What to produce:
Repeat the listing below exactly from the line with "2 BOXES OF STORE" through its last line. Skip every picture.

The data:
────────

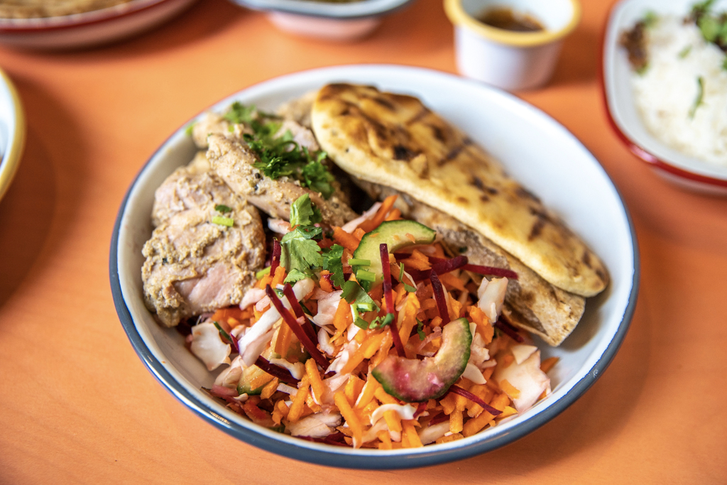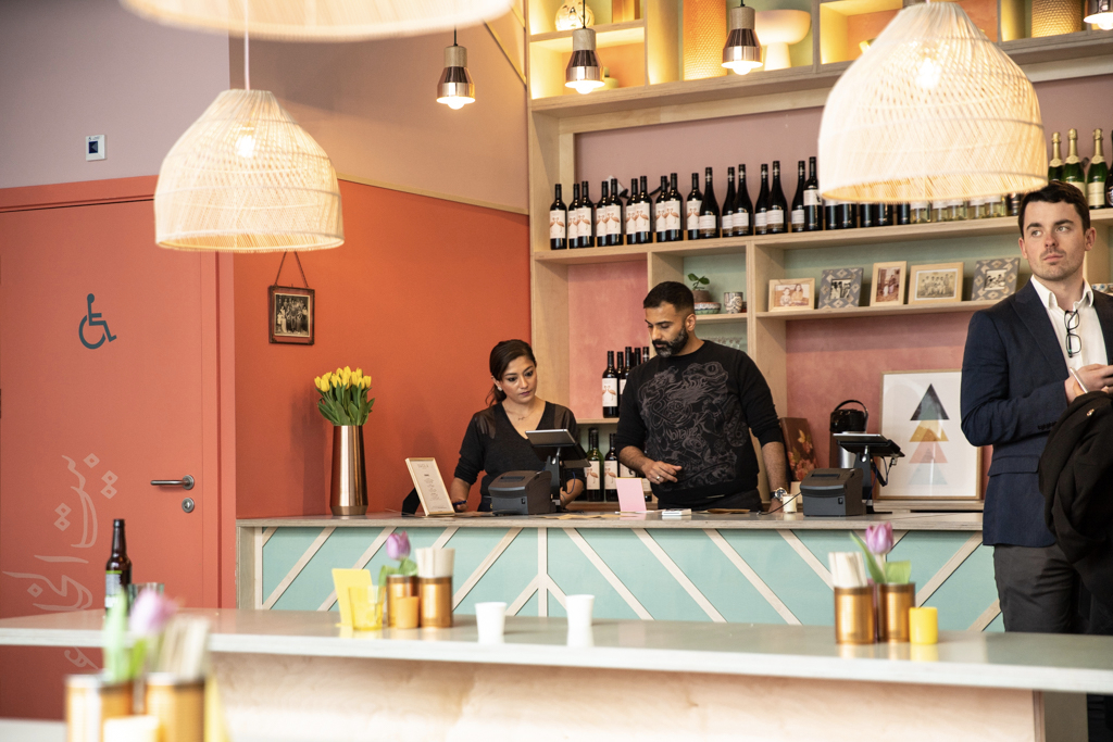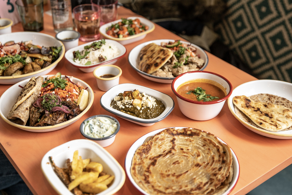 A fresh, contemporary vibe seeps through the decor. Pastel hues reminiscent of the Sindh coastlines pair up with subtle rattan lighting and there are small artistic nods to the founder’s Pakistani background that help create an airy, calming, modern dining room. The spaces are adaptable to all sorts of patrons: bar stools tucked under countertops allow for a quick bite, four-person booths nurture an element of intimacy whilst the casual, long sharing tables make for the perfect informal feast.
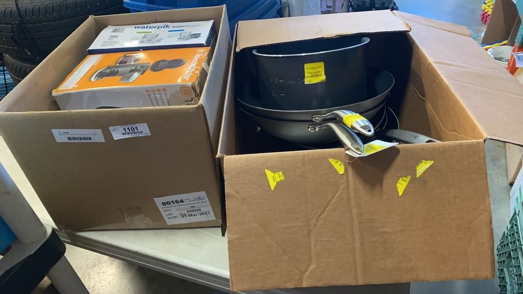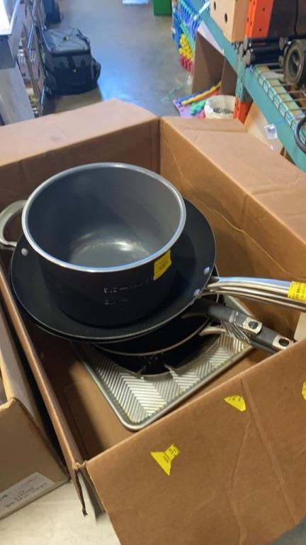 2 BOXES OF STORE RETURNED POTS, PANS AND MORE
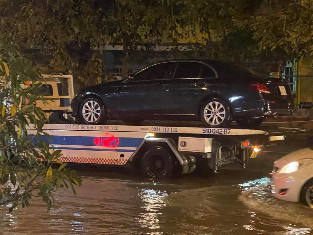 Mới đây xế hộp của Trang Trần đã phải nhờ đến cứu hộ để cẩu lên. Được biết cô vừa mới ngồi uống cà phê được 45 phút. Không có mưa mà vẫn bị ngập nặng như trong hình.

────────

Finished task:
 2 BOXES OF STORE RETURNED POTS, PANS AND MORE
 Mới đây xế hộp của Trang Trần đã phải nhờ đến cứu hộ để cẩu lên. Được biết cô vừa mới ngồi uống cà phê được 45 phút. Không có mưa mà vẫn bị ngập nặng như trong hình.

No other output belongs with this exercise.